Question

Both the ends of a metallic solid cylinder are semi-spherical. Its total height is 19 cm and the diameter of the cylinder is 7 cm. Find the weight of the solid if the weight of \(1 \, \text{cm}^3\) of the metal is \(4.5 \, \text{g}\).

Hint:

When the total height includes two hemispheres, always subtract \(2r\) to get the height of the cylindrical part before finding volume.

Answer 1

Step 1: Write the given data.
Total height of the solid \(H = 19 \, \text{cm}\)
Diameter of the cylinder \(= 7 \, \text{cm} \Rightarrow r = 3.5 \, \text{cm}\)
Weight of \(1 \, \text{cm}^3 = 4.5 \, \text{g}\)
Step 2: The solid consists of a cylinder with two hemispherical ends.
Let the height of the cylindrical part be \(h\).

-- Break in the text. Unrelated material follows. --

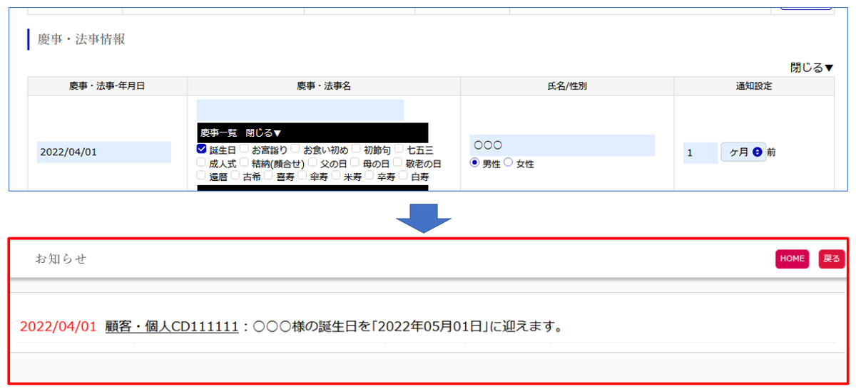 あらかじめ顧客の慶事(誕⽣⽇、成⼈式等)・法事(初七⽇、⼆七⽇等)の情報を⼊⼒しておくことで数⽇前・数ヶ⽉前にお客様の情報を知ることができます。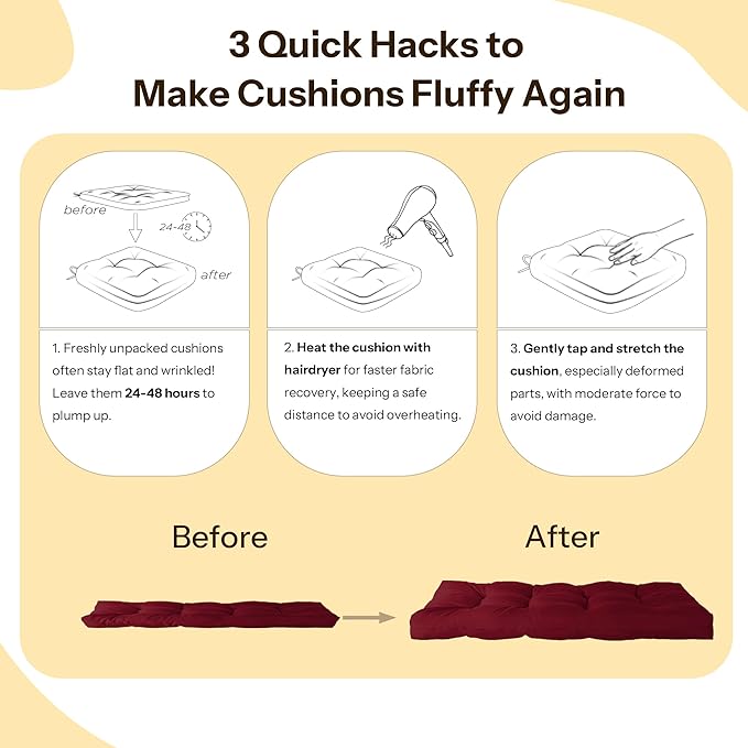 - Gentle reminder: Upon opening the package, you may notice wrinkles due to vacuum packing. However, simply tumble dry on a low heat setting or put it in the dryer for 10-15 minutes on low heat, and your patio bench cushion will regain its original shape. For optimal fluffiness, gently squeeze the cushion from both sides after unpacking.

Since both ends are hemispheres of radius \(r\), \[ H = h + 2r \] \[ 19 = h + 7 \Rightarrow h = 12 \, \text{cm} \]
Step 3: Write the volume of the solid.
\[ \text{Volume of solid} = \text{Volume of cylinder} + \text{Volume of two hemispheres} \] \[ V = \pi r^2 h + \frac{4}{3}\pi r^3 \]
Step 4: Substitute the values.
\[ V = \pi (3.5)^2 (12) + \frac{4}{3}\pi (3.5)^3 \] \[ V = \pi [147 + \frac{4}{3}(42.875)] = \pi [147 + 57.17] = \pi (204.17) \] \[ V = 3.14 \times 204.17 = 640.9 \, \text{cm}^3 \]
Step 5: Find the weight.
\[ \text{Weight} = \text{Volume} \times \text{Weight per cm}^3 \] \[ = 640.9 \times 4.5 = 2884.05 \, \text{g} \] Step 6: Conclusion.
Hence, the weight of the solid metallic cylinder is \(\boxed{2884.05 \, \text{g} \, \text{or} \, 2.884 \, \text{kg}}\).